Вырыв яму, он затопил сложенную им баньку, попарился, переоделся в чистое белье и лег спать, чтобы не сердить зевками тех, кто придет проводить местечкового вестника в последний путь. Данута-Гадасса собиралась что-то ему сказать – то ли про памятник, на который покойный не оставил денег, то ли про лошадь, которая своим протяжным и тоскливым ржанием пугает мертвых, но одумалась, зажгла не догоревшую свечу и, глядя на трепетное и недолговечное, как бабочка-однодневка, пламя, начала прясть по-польски еженощную молитву и по ее нитям, как по крутым ступеням, подниматься ввысь, к чертогам Бога; нити рвались, Данута-Гадасса их лихорадочно соединяла, и, когда до чертогов и Его сердца было уже рукой подать, вдруг за окном, в июньском небе, усыпанном звездами, раздался невообразимый гул, вслед за ним страшный грохот, и вверх взметнулось другое пламя, которое накрыло своей кровавой багровостью и звезды, и землю.
Данута-Гадасса в испуге на цыпочках – она не отдавала себе отчета, почему в таком грохоте привстала на цыпочки – добрела до комнаты сына и, задыхаясь, заглушая в себе крик, запричитала:
– Иаков!
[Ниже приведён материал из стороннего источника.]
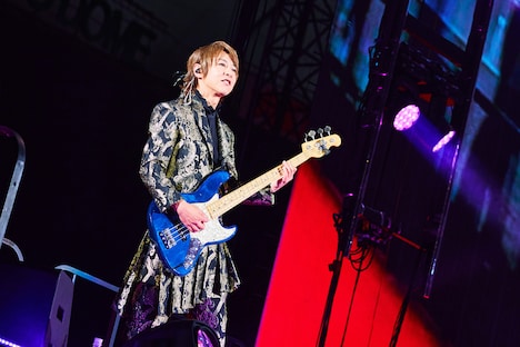 定刻の17:00ぴったりに場内が暗転すると、TERU(Vo)、TAKURO(G)、HISASHI(G)、JIRO(B)、それぞれのキャラクターを生かしたハリウッド映画さながらのスペクタクルなオープニングムービーが上映されBuddyの期待を高めていく。意表を突く登場方法で会場を沸かせたメンバーもいる中、ライブは1997年5月リリースのミリオンヒット曲「口唇」で勢いよく口火が切られた。
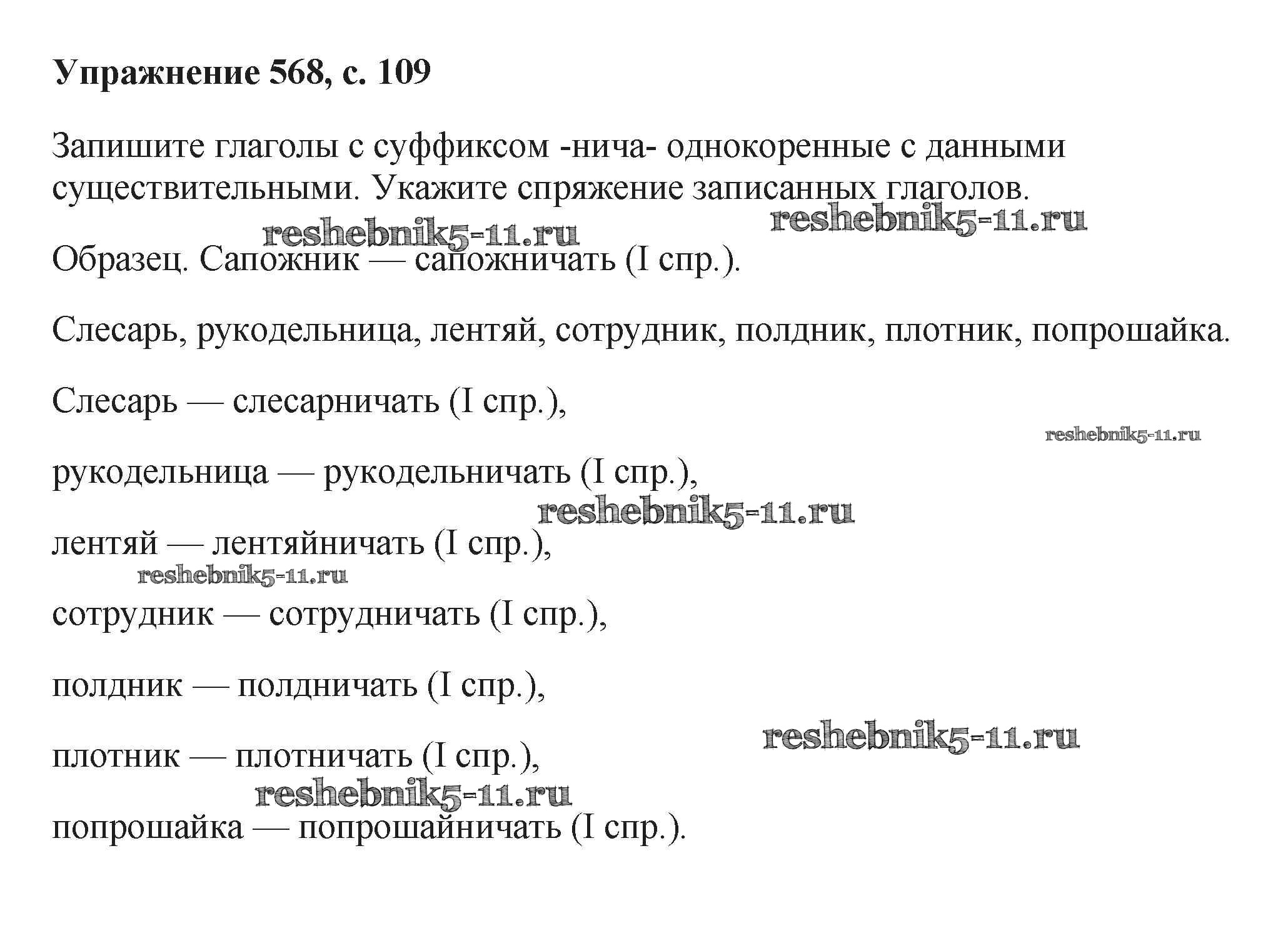 Готовая домашняя работа с ответами по Русскому языку за 6 класс Баранов, Ладыженская, Тростенцова, Григорян, Кулибаба Учебник Часть 1, 2 Просвещение 2015 ФГОС - Упражнения 568

Иаков!
– Что случилось? – спросонья буркнул тот, подумав, что ее вконец доконала бессонница.
– Ты что, ничего не слышишь? Встань и подойди к окну…
Иаков заворочался на кровати, прислушался и, ослепленный грохочущим заревом, бросился в одном исподнем белье во двор.
Взрывы не прекращались.
Весь в белом, как привидение, Иаков стоял посреди двора и не сводил глаз с по-дожженного неба.
– Война, – сказал он.
Постоял, погладил привязанную к подгнившему колу лошадь и, вернувшись в избу, потерянно добавил:
– Танковый полигон бомбят… в Юодгиряе…
– Там, где Элишева? – Данута-Гадасса смекнула, что его сейчас заботили не русские танки, а дочь Гедалье Банквечера.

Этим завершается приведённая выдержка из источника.